EU manufacturers face green product requirements in draft 'circular economy' policy

21 February 2020 17:03

EU manufacturers will see mandatory "sustainability rules applicable to all products" proposed by the European Commission in future legislation to boost the bloc's move toward a more "circular" economic model, according to a draft policy paper seen by MLex.

The proposed measures include environmentally friendly design rules for mobile phones, chargers, printers as well as recycled-content requirements for batteries.

"The commission will present a sustainable product policy framework applicable to raw materials, intermediate and consumer products," including steel, cement and chemicals, the paper says.

A EU-wide program to return or sell back old mobile phones, tablets and chargers is also listed among future measures.

The draft policy paper "for a cleaner and more competitive Europe" says that future regulation will introduce "specific requirements for products" by category.

The policy paper is expected to be presented by the commission on March 10, together with a new EU plan to reboot the bloc's industrial sector.

As part of its efforts to reach climate neutrality by 2050, the commission wants to boost the uptake of green products and reduce the environmental impact of several industrial value chains — electronics, ICT, plastics, textiles, construction, packaging, food and batteries — which are identified in the plan as a "matter of priority."

"Applying circular economy principles in all sectors and industries can increase EU's GDP growth rate by an additional 0.5 percent by 2030 creating around 700,000 new jobs," the draft reads. "This initiative will aim at ensuring that the performance of front-runners in sustainability becomes progressively the norm for all products placed on the EU market."

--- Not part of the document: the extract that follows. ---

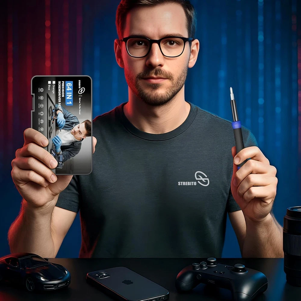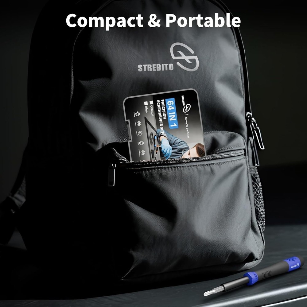 Small Precision Screwdriver Set 64-piece with Torx, Triwing, Pentalobe, Electronics Repair Tool Kit for Computer, PC, Laptop, Macbook, Tablet, Phone, PS5, XBOX, Switch, Glass, Ring Doorbell About this item 64-in-1 Precision Screwdriver Set: This small screwdriver set includes 48 bits (Phillips, Flathead, Torx, Torx security, Triwing, Pentalobe, Hex, Triangle, U-type, Square, SIM, MID, OVAL, Gamebit, Nut driver). It's a complete electronics repair kit that has been professionally designed to repair computers, PC, laptops, Macbooks, tablet, phones, PS4 PS5, XBOX, Switch, eyeglasses, drone, watches, Ring doorbells and more Ergonomic & Magnetic Design: The super smooth swivel cap on the top of the handle makes it easier to rotate screws with less effort. This mini screwdriver features an ergonomic non-slip design and rubberized handle that provides a comfortable grip and precise control. The built-in strong magnet ensures magnetic bit holder transmits magnetism through the screwdriver tip to help you with tiny screws Practical Accessories: Our electronics tool kit comes with 8 types of 15 essential accessories. Magnetizer can enhance the magnetism of the screwdriver tip, pointed tweezers make it easy to handle screws and tiny components, spudger and hook tool is effective for connecting/disconnecting components, scraping off adhesives, suction cup, pry tools, opening picks and brush to help open and clean your device Organize & Portable Storage: All screwdriver bits are stored in rubber bit holder which marked with type and size for fast recognizing. The rubber bit holder can be fixed on the shelf of the sturdy plastic case, also can be removed for easy access, making it more convenient for you to perform repairs. The case provides secure protection and organized storage, while being lightweight and portable for easy transportation

Other than facing regulation on product durability, resource efficiency and carbon footprint, companies will also be held more accountable when making environmental claims on their products, the policy paper suggests. The idea is to make producers more responsible for the "sustainability performance" of their products along the entire lifecycle.

"The commission will present a legislative proposal requiring companies to substantiate their environmental claims … as well as proposals to strengthen consumer protection against green washing and planned obsolesce practices," it reads.

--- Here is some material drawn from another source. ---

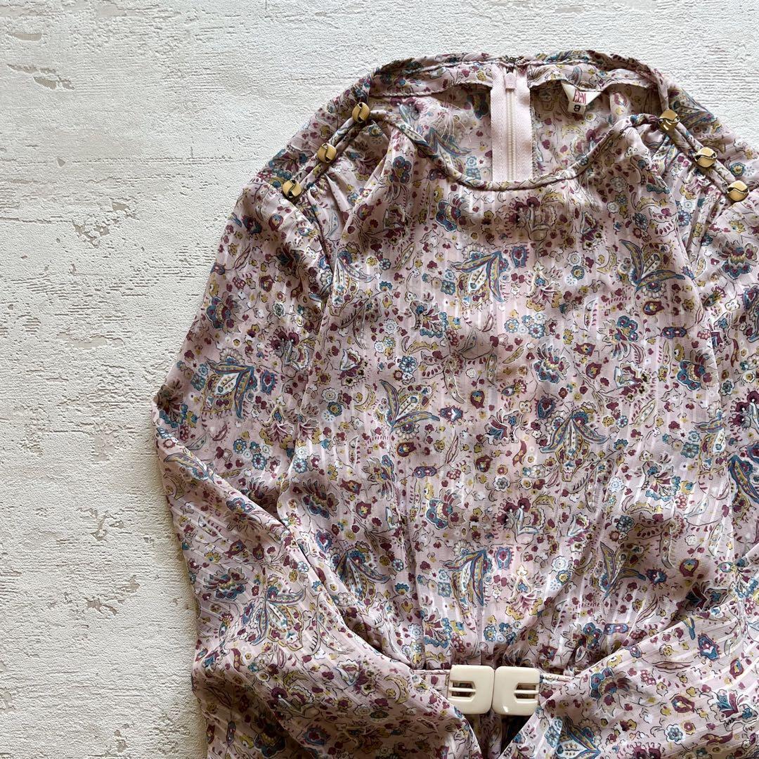 - 昭和レトロパターン柄長袖ロングワンピースベルト透け素材9号M1

To boost the uptake of more sustainable manufactured products, the commission will also propose "minimum mandatory green criteria" or "targets" for public procurement in sectoral legislation, according to the draft.

Trade also features as a channel to do that.

"To support a global move toward the circular economy, the commission will ensure that free trade agreements reflect circular economy objectives and promote regulatory cooperation and — where appropriate — alignment with EU norms and standards favoring circularity," the draft reads.